Suppose you were in your backyard sunbathing in the nude--your backyard is surrounded by a solid wood fence preventing passersby from seeing you. Suddenly a photographer for The National Enquirer hops over the fence and snaps your picture. Soon the photograph is displayed in newspaper tabloids near supermarket checkout stands across the nation. Can you sue for defamation?
No, because you were sunbathing in the nude and truth is an absolute defense to defamation. Could you sue for invasion of privacy? Yes. You have a reasonable expectation of privacy in your enclosed backyard.
Suppose you were sunbathing in the nude on your front porch, in open public view. Could you bring a successful action for invasion of privacy? No, because you do not have a reasonable expectation of privacy under these circumstances. Thus, whether an intrusion into your privacy will be actionable depends on whether you have a reasonable expectation of privacy.

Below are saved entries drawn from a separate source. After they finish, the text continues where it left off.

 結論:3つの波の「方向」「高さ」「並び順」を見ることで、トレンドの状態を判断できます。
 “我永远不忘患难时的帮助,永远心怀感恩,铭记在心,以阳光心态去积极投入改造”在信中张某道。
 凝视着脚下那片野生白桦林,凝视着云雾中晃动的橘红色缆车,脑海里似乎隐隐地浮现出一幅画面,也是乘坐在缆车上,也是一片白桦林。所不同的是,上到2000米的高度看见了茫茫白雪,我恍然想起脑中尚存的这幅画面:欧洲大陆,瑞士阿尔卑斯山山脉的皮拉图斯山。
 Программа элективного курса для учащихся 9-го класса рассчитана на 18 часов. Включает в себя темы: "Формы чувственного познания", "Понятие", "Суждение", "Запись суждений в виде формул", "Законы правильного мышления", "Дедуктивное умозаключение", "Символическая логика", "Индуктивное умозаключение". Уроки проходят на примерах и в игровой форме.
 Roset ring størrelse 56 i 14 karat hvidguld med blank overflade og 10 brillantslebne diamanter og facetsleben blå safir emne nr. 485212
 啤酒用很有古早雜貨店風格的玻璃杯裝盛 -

Many defenses to defamation apply to invasion of privacy, but truth is not a defense. Revealing matters of public record cannot be the basis for an invasion of privacy action because the information is already public. Express and implied consent are valid defenses. If you voluntarily reveal private facts to others, you cannot recover for invasion of your privacy. Privacy actions typically fall into four factual patterns:
1) Intrusion Into One’s Private Affairs
This category includes such activities as wiretapping and unreasonable surveillance. The intrusion must be highly offensive. Whether an intrusion is highly offensive depends on the circumstances. Most people would find it offensive to discover a voyeur peering through their bedroom window. On the other hand, a salesman knocking on your front door at dinnertime may be obnoxious, but will not be sufficiently offensive to state a cause of action.

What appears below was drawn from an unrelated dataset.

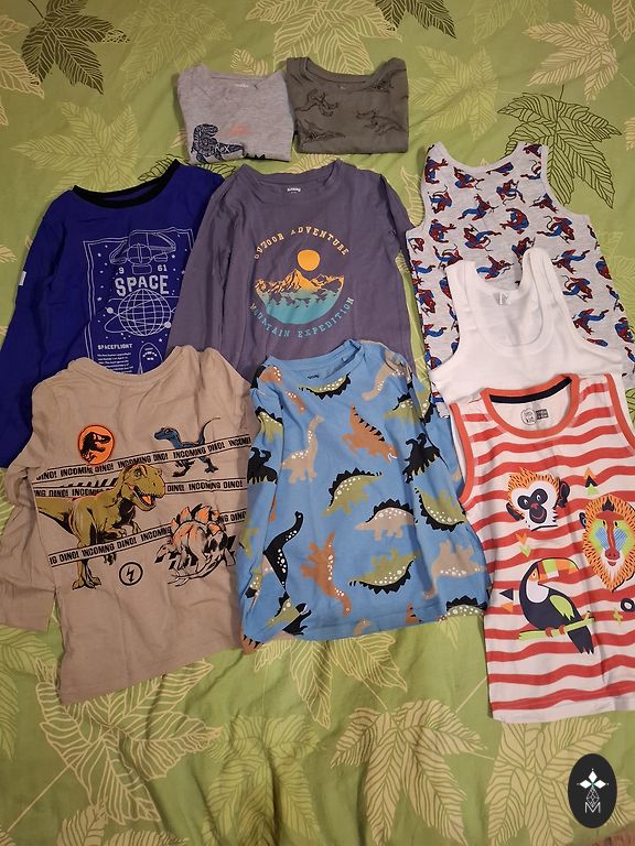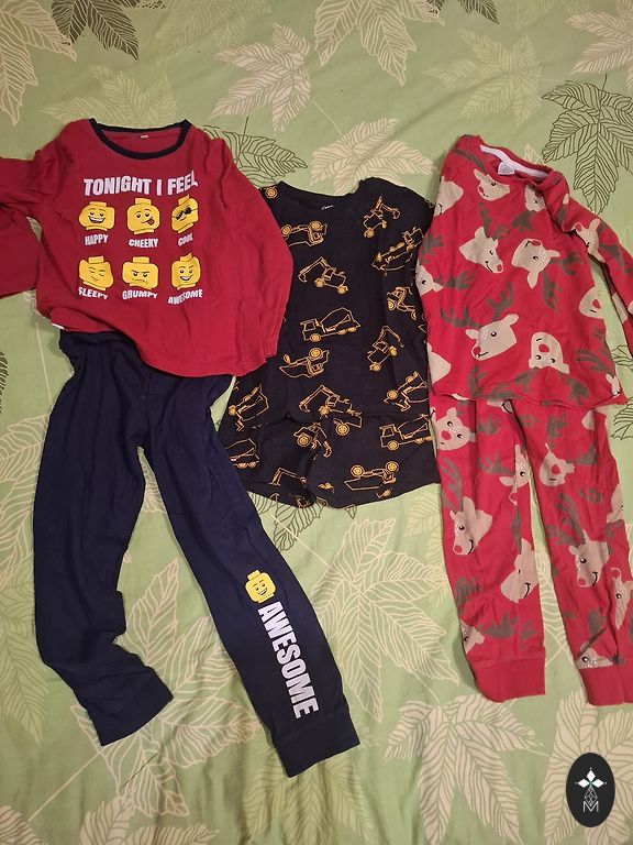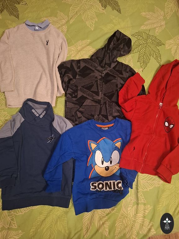 Kieti komplektai, dydis 92, bet raudonas komplektas yra šiek tiek mažesnis (3-ioji nuotrauka, kelnių dydis, megztinis taip pat šiek tiek mažesnis). Vienintelis trūkumas yra tai, kad kelnėse yra mažos skylutės, bet jos nėra tokios blogos, beveik nematomos.
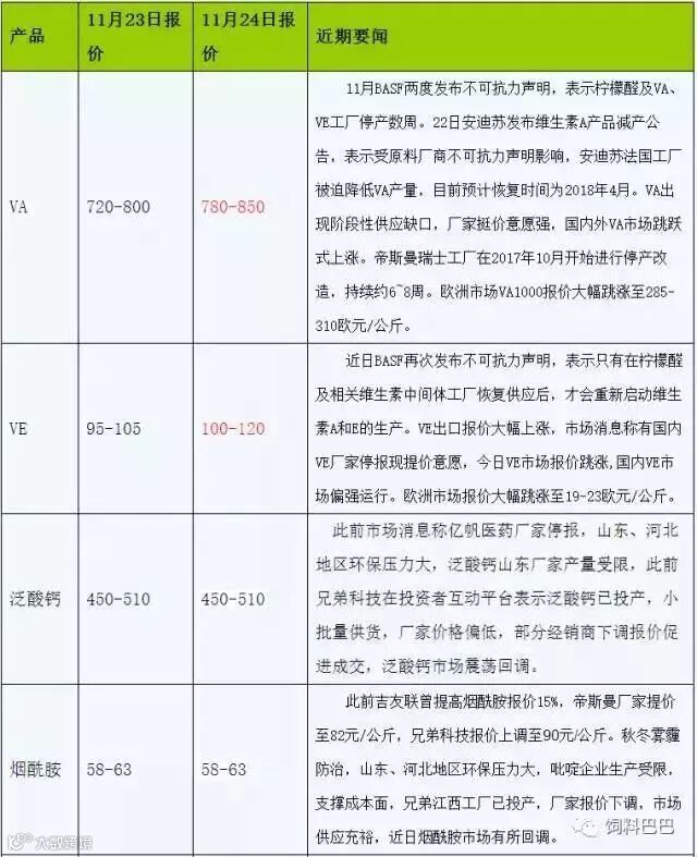 据中国饲料行业信息网数据,11月以来,在之前部分地区饲料价格零星上涨之后,多地饲料企业开始全面上调饲料价格,导致饲料大规模涨价的关键因素就是微量元素、维生素、氨基酸等添加剂以及部分大原料价格的上涨所致,详情如下:

2) Public Disclosure of Embarrassing Private Facts
One who gives publicity to a matter concerning the private life of another is subject to liability for invasion of privacy, if the matter publicized is of a kind that: a) would be highly offensive to a reasonable person, and b) is not of legitimate concern to the public. In other words, it is not newsworthy. An example of this type of invasion of privacy would occur if someone publicizes embarrassing derogatory information on another person, and the information is not of legitimate interest to the public.
3) Appropriation
An action for appropriation of another’s name or likeness is similar to action for invasion of one’s right of publicity. The former action seeks to compensate the plaintiff for the emotional distress, embarrassment and hurt feelings that may arise from the use of one’s name or likeness on a product. The latter action seeks to compensate the plaintiff for the commercial value arising from the exploitation of one’s name and likeness. As with the right of publicity, a person cannot always control the use of his name and likeness by another. While you can prevent someone from putting your face on their pancake mix, you cannot stop Time magazine from putting your face on its cover. Thus the use of someone’s name or likeness as part of a newsworthy incident would not be actionable.
4) False Light
Publicity placing a plaintiff in a false light will be actionable if the portrayal is highly offensive. This type of invasion of privacy is similar to defamation but harm to reputation is not required. An example of false light invasion of privacy could entail a political dirty trick such as placing the name of a prominent Republican on a list of Democratic contributors. Although this person’s reputation may not be harmed, he has been shown in a false light.